Programmers don’t need a union. We need a profession - signa11
https://michaelochurch.wordpress.com/2012/11/18/programmers-dont-need-a-union-we-need-a-profession/
======
rjddude1
When you're a professional, there are certain rigid processes you have to
follow. A lot of it involves significant governance, and every professional
has obligations of due diligence.

A lot of programmers became programmers or enjoy being programmers precisely
because of the lack of the aforementioned things in their profession. Besides
a lot of programmers are self taught or learn most of their skills by
themselves.

A professional (doctor or engineer) would have to go through rigorous
schooling and a grueling examination process to get their license. They can't
become self taught doctors or engineers. Hell, most programmers would drop out
of school if they got a good job at a growing start up when presented with a
decent equity.

As a programmer I completely disagree with this post.

------
rdunham3
Until society wakes up and starts valuing ethics/morals over dollars this will
remain nothing more than a dream. One of the core principles of the
professional/craftsman was that things were to be done _right_ even if it cost
more and took longer.
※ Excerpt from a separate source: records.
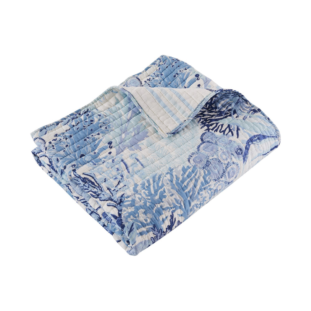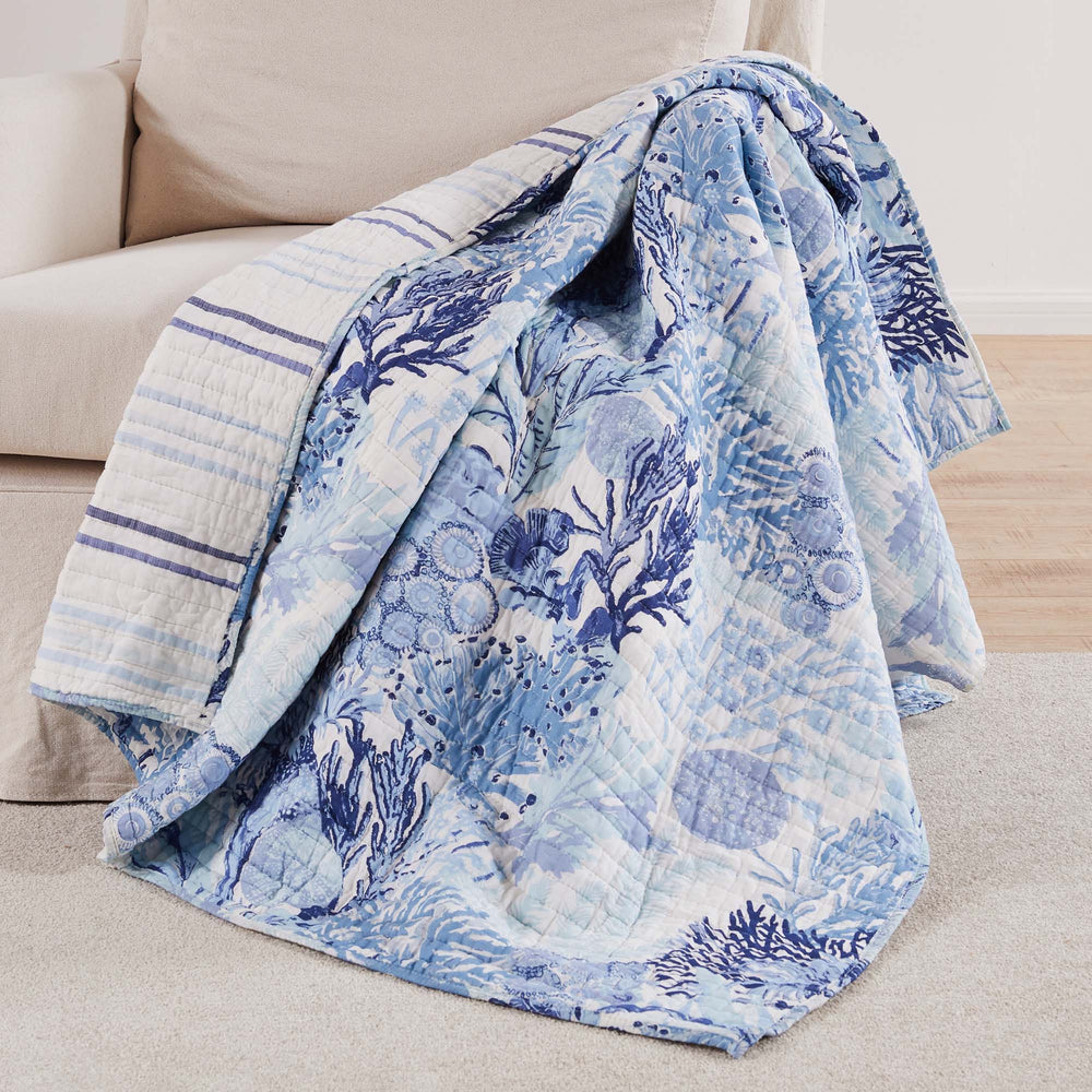The Reef Dream Reversible Throw by Levtex Home is inspired by a deep dive around the corals of the Caribbean. Offered in a myriad of blue colors on a white ground, this design will immediately transform any room in your home. This throw features a wonderful collection of coral, anemones and shells on the front, reversing to a combination of blue stripes on the back. The Throw (50x60in.) has a cotton front and cotton back, filled with a cotton-rich filler, and is machine washable. Enjoy this for years to come!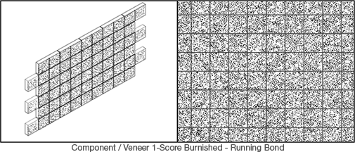 A single vertical score mid-length, 3/8-in wide and deep, simulates a raked joint. For typical cmu with an 8-in by 16-in face, the effect is a grid of 8×8 squares that can effectively add accent or interest to the elevation.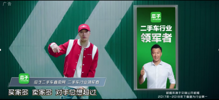 瓜子二手車在愛奇藝《中國新説唱》節目中投放廣告,令説唱選手使用“對手總想超過”等宣傳用語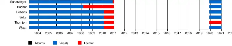 ![]() The Pussycat Dolls in 2007 (L–R: Kimberly Wyatt, Jessica Sutta, Carmit Bachar, Nicole Scherzinger, Melody Thornton, Ashley Roberts) | |

Sadly our grandparents seem to have been the last
generation which widely held to that.

------
thaumasiotes
> A person who completes medical school is a _doctor_ and, unless the license
> is revoked because of a serious ethical lapse, has valuable expertise. No
> manager or employer can take that credibility away for political reasons.

Anything at all can happen for political reasons. This very thing is happening
to my mother (a _doctor_ ) right now.